Crooks’s words are also used to demonstrate that his solitude, a result of his race, has resulted in bitterness. So, as a result of Crooks’s seclusion, his mood takes a turn for the worse. When Lennie comes to Crooks’s room, smiling, Crooks snaps at him: …You go on get outta my room. I ain’t wanted in the bunkhouse, and you ain’t wanted in my room (Steinbeck 69). Crooks says that he is not welcome in the bunkhouse with the other workers, and is extremely defensive when he tells Lennie to leave his room because he is unwelcome. This is an indicator of his bitterness over his separation from others, which causes him to lash out at a cheerful and optimistic Lennie, who does not fully understand what is going on.
Crooks’s harsh manner portrays that he is deeply unhappy with how he is treated by the others.
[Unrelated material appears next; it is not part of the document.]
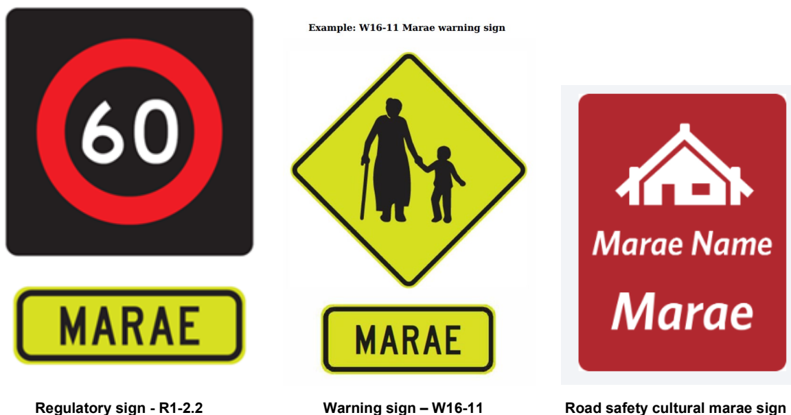
Figure 1: Marae signage

The available signs consist of three types of signage: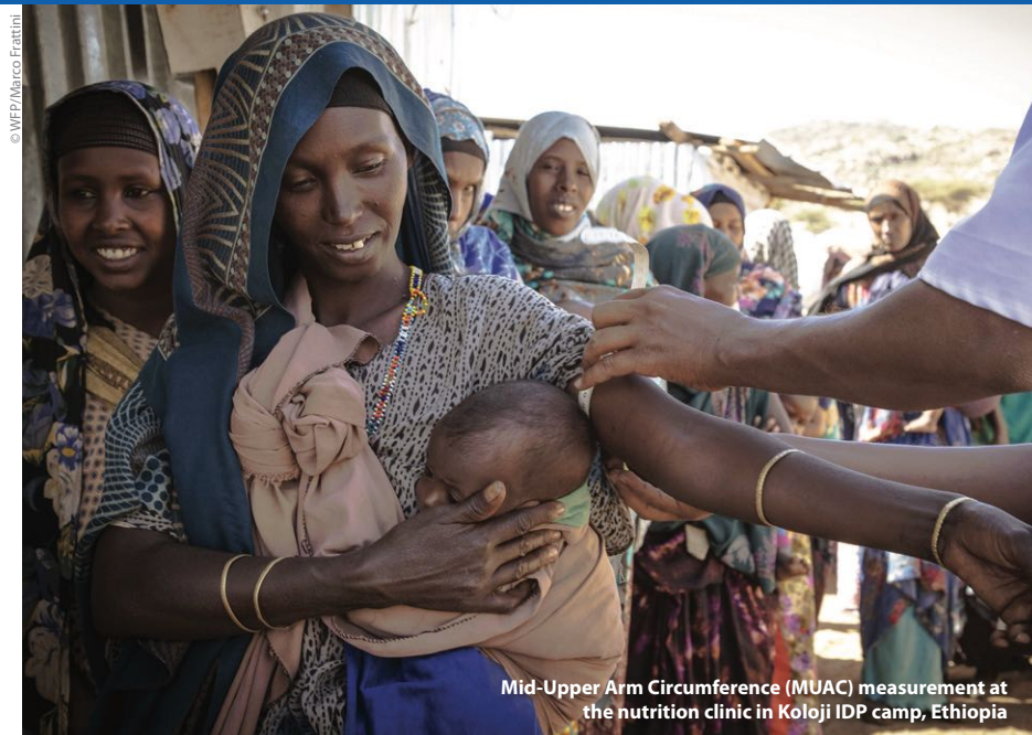
Mid-Upper Arm Circumference (MUAC) measurement at the nutrition clinic in Koloji IDP camp, Ethiopia

The CMAM Surge approach is one of many ongoing efforts to improve the efficiency and effectiveness of treatment services for wasting during both normal and emergency periods (Kueter et al. ,

As Lennie sits in Crooks’s room, Crooks discloses sullenly that he couldn’t go into the bunkhouse and play rummy cause [he] was black (Steinbeck 72). Steinbeck uses these words to indicate that Crooks is discriminated against solely because of his race. When Crooks speaks of the racism and his treatment, he is evidently despondent, and desires for the racism to come to an end but feels that he can do very little because he is unable to change his skin color or identity. Humanity is often reliant on the acceptance of others, and when people are discriminated against because of their differences, they often become bitter. Crooks’s segregation has ultimately led to his bitterness of his situation in life. Steinbeck’s use of Crooks’s speech demonstrates that people often become defensive when they keenly feel the discrimination against them, and become bitter.
Steinbeck utilizes the characterization of Crooks to display that isolation comes about as a result of racism, and that bitterness overcomes a person if they are detached from the rest of humanity for extended periods of time. Crooks’s expression when someone desires to partake in something of his reveals that he feels separated from the other men. His speech portrays his bitterness at his isolation because of his race. He represents all minorities that are discriminated against and their feelings, and is a generalized symbol for how people in the colored community are often treated. This still occurs today and affects everyone in society, whether they realize it or not. With different groups being separated from the rest and targeted, the cultures of the world that are accepted are becoming limited, and as a result, is leading to a spiraling downfall of society.